-------- EXERCISE MATERIALS

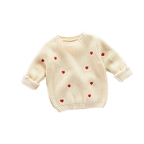Pojour ベビー服 子供服 女の子ニットセーター 冬 防寒 かわいいハートセーター おしゃれ 暖かい 厚手 綿 ベビールームウェア キッズ 丸首 子供 ガールズ トップス
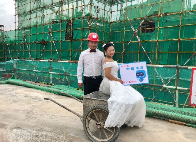 新华社长沙8月16日电(记者陈梦婕)新郎打着领结,带着施工安全帽,新娘穿着婚纱,坐在沾满泥土的小推车上。15日,湖南长沙某建筑工地上,中建二局湖南分公司为4对工人夫妻拍了一组特殊的婚纱照。在七夕节当天,他们将收到婚纱照的成品。
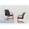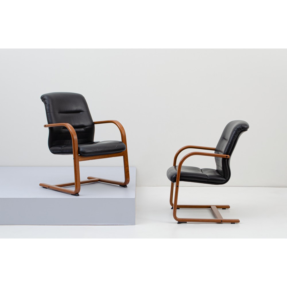 Coppia di poltrone con struttura in legno curvato, seduta e spalliera ergonomiche con imbottitura e rivestimento in pelle nera. Segni d’uso e graffi alla pelle.
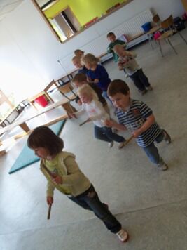 5 maandagen op een rij. Een uurtje in de namiddag. Heel bijzonder zijn de muzieklessen van juf Fabienne! In het kader van een kunstproject waar onze school graag aan deelneemt komt juf Fabienne van de muziekacademie naar de Droomhut. Ze laat ons heel wat ervaren en beleven met en op muziek.
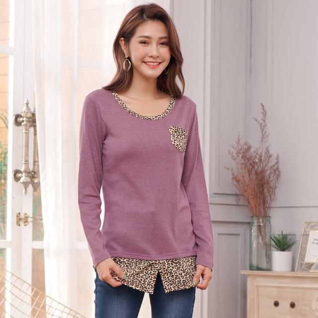 衣心衣意現貨MIT-韓版豹紋假二件口袋長版上衣(紫色YG3A1093)
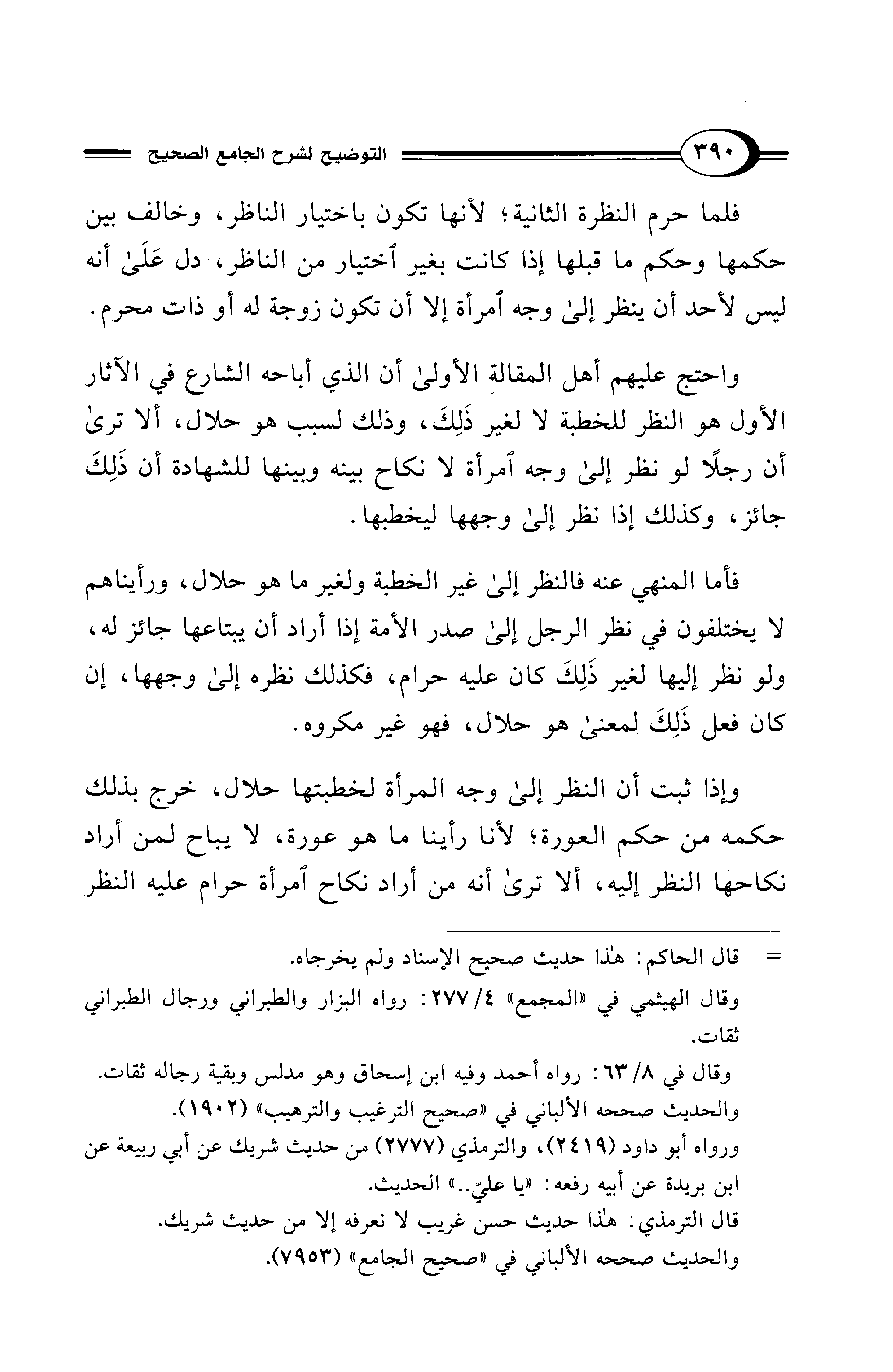 واحتج عليهم أهل المقالة الأولى أن الذي أباحه الشارع في الآثار الأول هو النظر للخطبة لا لغير ذَلِكَ، وذلك لسبب هو حلال، ألا ترى أن رجلًا لو نظر إلى وجه امرأة لا نكاح بينه وبينها للشهادة أن ذَلِكَ جائز، وكذلك إذا نظر إلى وجهها ليخطبها.

----------------

▶ [DIRECTIONS]:
Please set down, exactly and with no pictures, the lines in the entries above starting at the one holding "Coppia di poltrone" and ending at the one holding "衣心衣意現貨MIT-韓版豹紋假二件口袋長版上衣(紫色YG3A1093)", ends included.

▶ [OUTPUT FOR THIS TASK]:
 Coppia di poltrone con struttura in legno curvato, seduta e spalliera ergonomiche con imbottitura e rivestimento in pelle nera. Segni d’uso e graffi alla pelle.
 5 maandagen op een rij. Een uurtje in de namiddag. Heel bijzonder zijn de muzieklessen van juf Fabienne! In het kader van een kunstproject waar onze school graag aan deelneemt komt juf Fabienne van de muziekacademie naar de Droomhut. Ze laat ons heel wat ervaren en beleven met en op muziek.
 衣心衣意現貨MIT-韓版豹紋假二件口袋長版上衣(紫色YG3A1093)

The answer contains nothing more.